Historic district in Idaho, United States

The Chicago, Milwaukee, St. Paul and Pacific Railroad Company Historic District consists of the historic right-of-way of the Chicago, Milwaukee, St. Paul and Pacific Railroad (also known as The Milwaukee Road) in the Bitterroot Mountains from East Portal, Montana (near St. Regis), to the mouth of Loop Creek, Idaho (near Pearson), a distance of 14.5 mi. The district was once part of the railroad's mainline from Chicago, Illinois to Tacoma, Washington.

==History==
The Milwaukee Road was the United States' last transcontinental railroad. The Milwaukee Road felt that in order to compete with the Northern Pacific Railroad and the Great Northern Railway, it had to construct a rail line from the Midwest to the Pacific Coast. In 1906, construction commenced on the "Pacific Extension". It roughly paralleled the two earlier railroads. The route was surveyed in 1906. The railroad decided to cross the Bitterroot Mountains at St. Paul Pass. This pass was chosen because of the stands of marketable white pine timber and also because there was no other competing railroad nearby. From the pass the railroad followed the St. Joe River to Avery, Idaho.

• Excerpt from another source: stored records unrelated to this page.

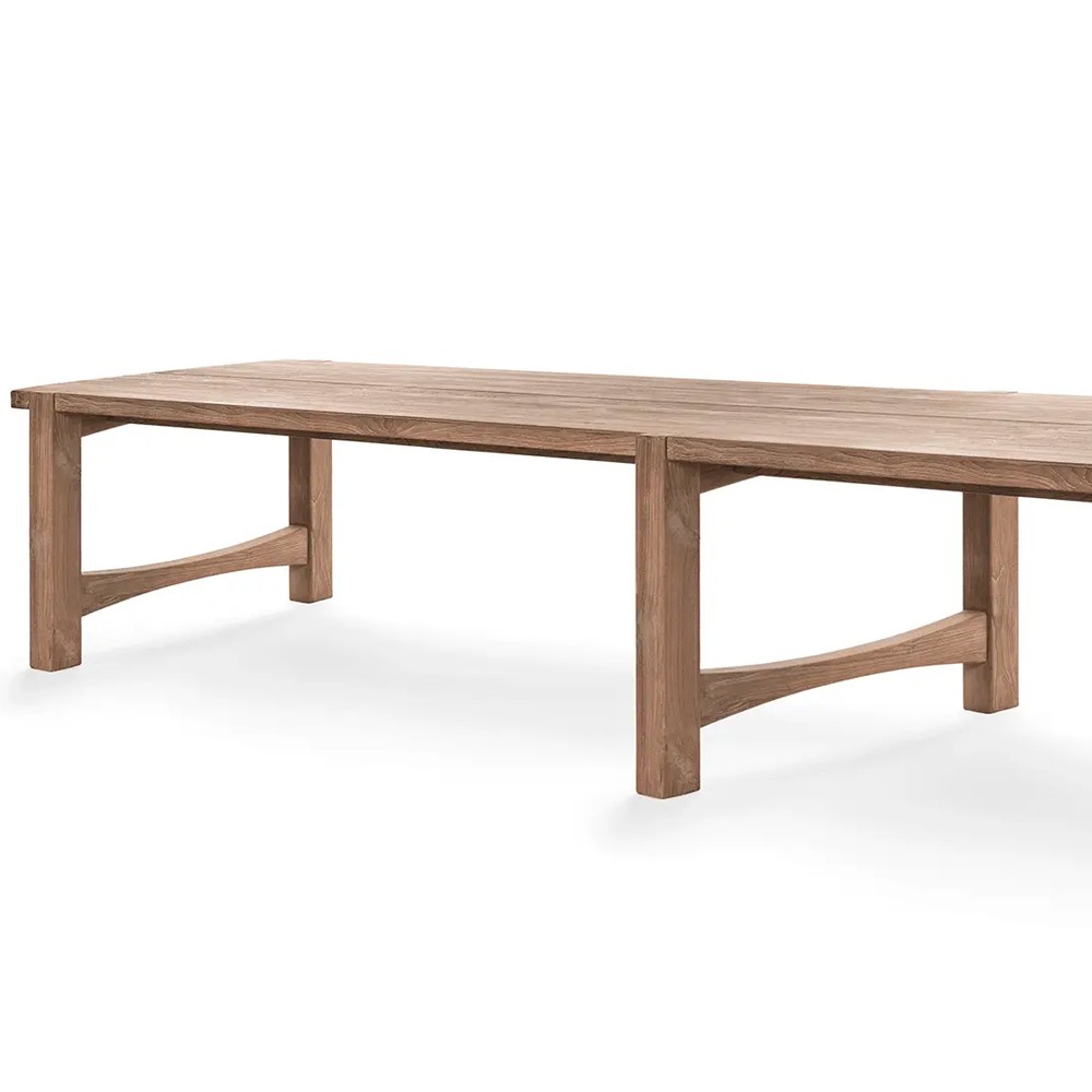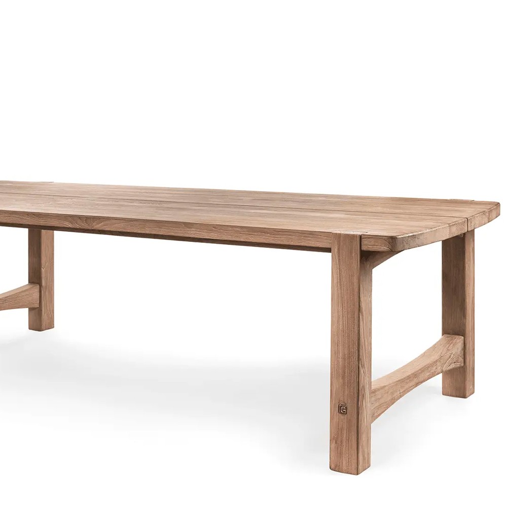 Ajoutez du charme à vos repas en extérieur grâce à la table JUNO. Avec ses 4,5 mètres de longueur, elle transforme chaque repas en un moment unique. Conçue pour les grandes tablées, elle invite au partage et à la convivialité, que ce soit pour des déjeuners ensoleillés dès les beaux jours ou des soirées estivales. Son plateau en teck recyclé, composé de larges planches aux nuances naturelles, raconte l’histoire d’un bois chargé d’authenticité.
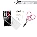 Includes a folding scissor, 6 pre-threaded needles with assorted color thread, 2 buttons and 1 safety pin
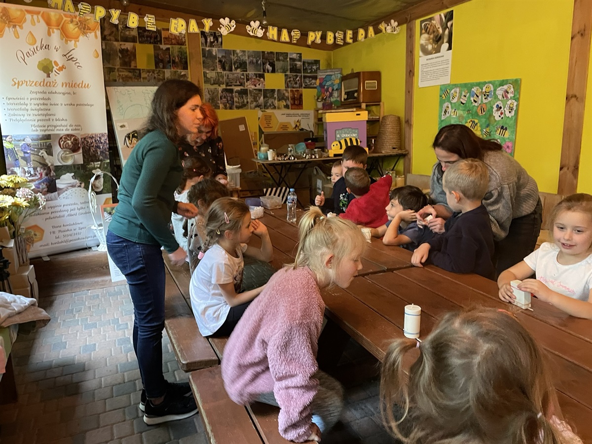 Posłuchać niezwykłych ciekawostek o świecie pszczół, spróbować prawdziwego miodu, zrobić wyjątkowe świece woskowe - to mogli zrobić mali badacze świata z oddziału przedszkolnego SP Jarosty. Wszystko za sprawą wycieczki do Pasieki w Lipce, której gospodynią jest przesympatyczna Pani Marzena Serafińska.
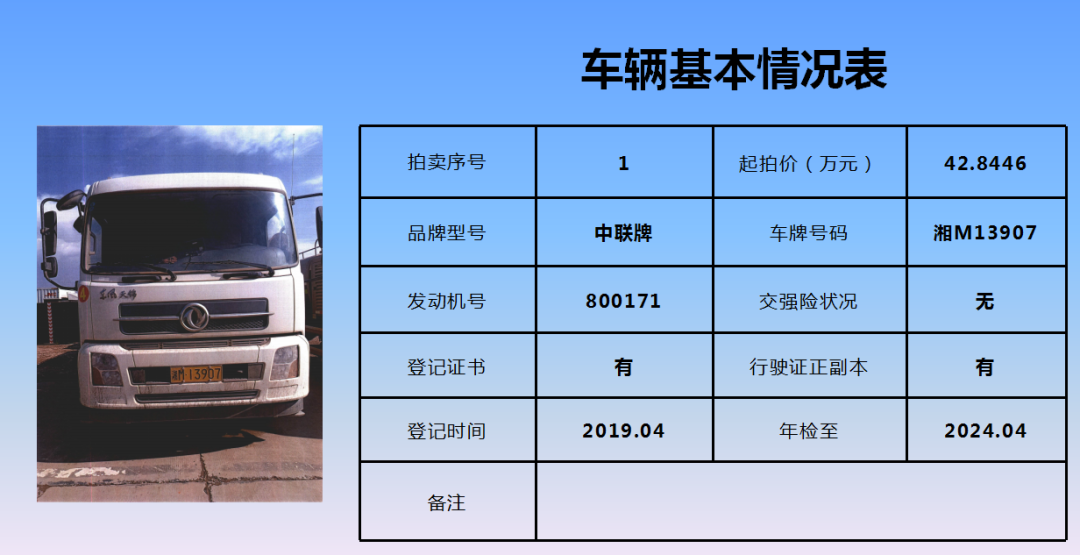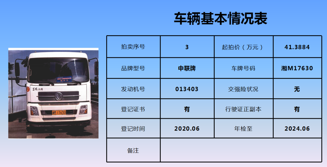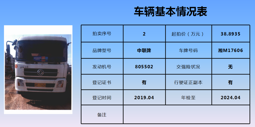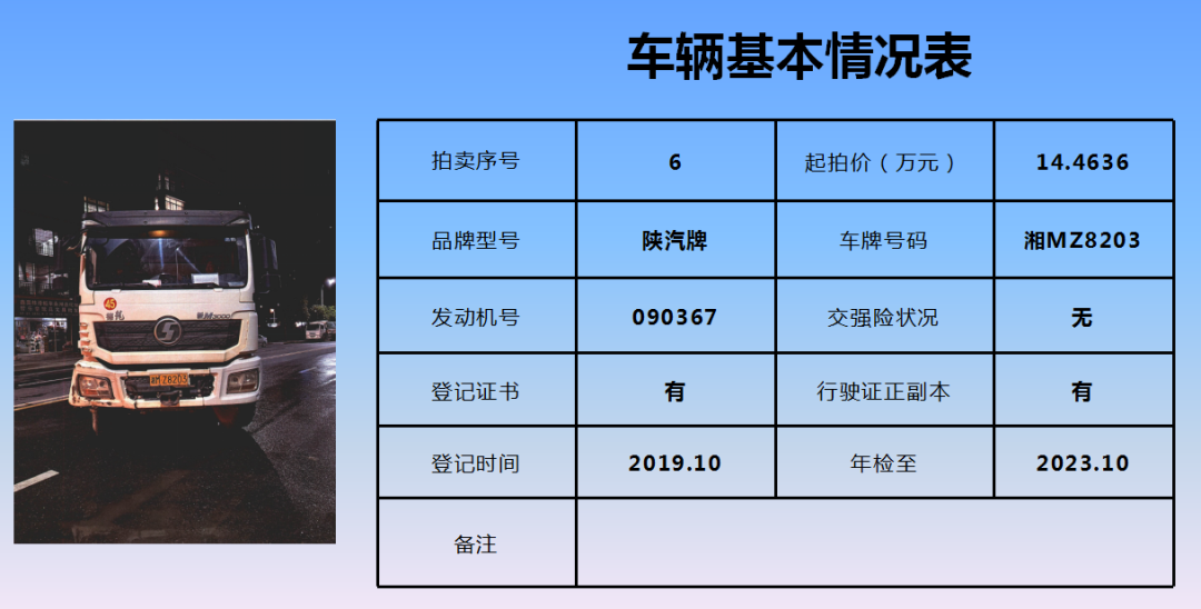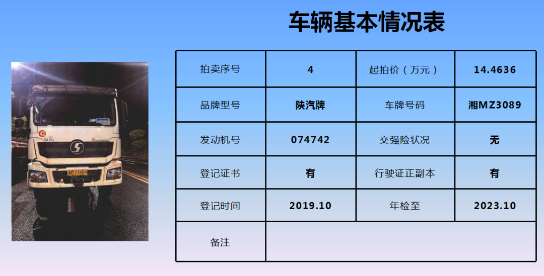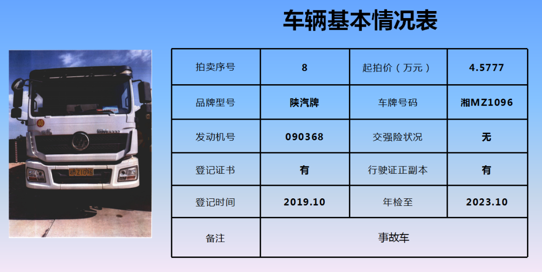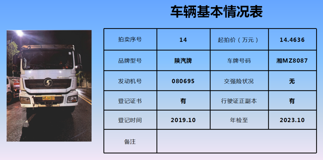 1.标的名称:永州市城发工程机械经营有限公司12辆陕汽牌渣土车、3辆中联牌水炮车,起拍价:4.5777万元-42.8446万元,竞买保证金2万元-5万元/辆。

The construction of this segment of the Pacific Extension was the most expensive, due to the remote location and rugged terrain. The railroad built 14 tunnels and 26 bridges. The tunnel at St. Paul Pass was 8771 ft long.

Beginning in 1914, the railroad electrified its mountain segments. Substations for electric power were built at East Portal and at Avery. Catenary lines were placed over the tracks. In 1974, the railroad ceased electric operations.

In 1980, the railroad went bankrupt and embargoed its line west of Miles City, Montana. The right-of-way in Idaho was sold off. In 1985, the US Government purchased the portion from Avery to East Portal. From Avery to Loop Creek, the Forest Service built an access road. The portion from Loop Creek to East Portal was made into a bike trail, known as the Route of the Hiawatha Trail.

==Legacy==
The right-of-way still retains its setting and integrity; the bridges and tunnels are still standing. In places the poles that supported the overhead wires are still in place, as are flanger signs. In addition, the district may be able to help archaeologists learn more about the early construction of the railroad and the crews that did the work. For these reasons, the 14.5 mi of the Milwaukee Road's Pacific Extension through the Bitterroot Mountains were listed in the National Register of Historic Places.